I feel bad because she
does not love me.
I am bad because I feel
bad.
I feel bad because I am
bad.
I am bad because she
does not love me.
She does not love me
because I am bad.
18. Exercise 3
● Find a partner and decide who is 1 and who is 2
● Partner 1 places one hand on his/her heart and with the other hand slightly pushes
against the outstretched hand of his/her partner who his other hand on his/her heart.
● Partner 1 says: “This is my heart, my life and you can't have it.”
● Partner 2 says: “I want you to have your life. I only want to be available to you if you
want it.”
● Partner 2 then says: “I don't want you to be alone anymore.”
● Partner 1 pays attention to his feelings and what s/he is experiencing (fear, anxiety,
sadness, love, longing)
● Reverse roles.
Courtesy of Dr Robert Hilton (modified version)

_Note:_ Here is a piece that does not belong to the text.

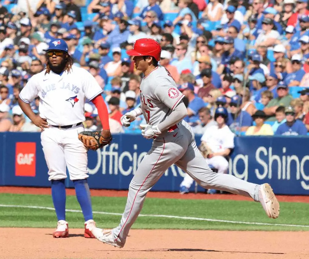 試合は大谷の一撃を含め、4本塁打を放ったエンゼルスが8―3で快勝。敵地でブルージェイズに3連勝した。大谷は4打数3安打2打点、1四球で打率は・265。3安打を放ったのも10試合ぶりとなった。

19. Healthy Love – Taking Risks
● Donald Kalsched (Trauma and the Soul):
– The act of loving is a terrible risk for everyone, and especially for
people who have grown up in emotionally impoverished
environments. To really love someone (without symbiotically
attaching to them through identification), is to risk losing them,
precisely because we live in an insecure, unpredictable world in
which death, separation, or abandonment is an ever present reality.
“You have to keep breaking your heart until it opens”
Rumi
20. Rumi
I swear, since seeing Your face,
the whole world is fraud and fantasy
The garden is bewildered as to what is leaf
or blossom. The distracted birds
can't distinguish the birdseed from the snare.
A house of love with no limits,
a presence more beautiful than venus or the moon,
a beauty whose image fills the mirror of the heart.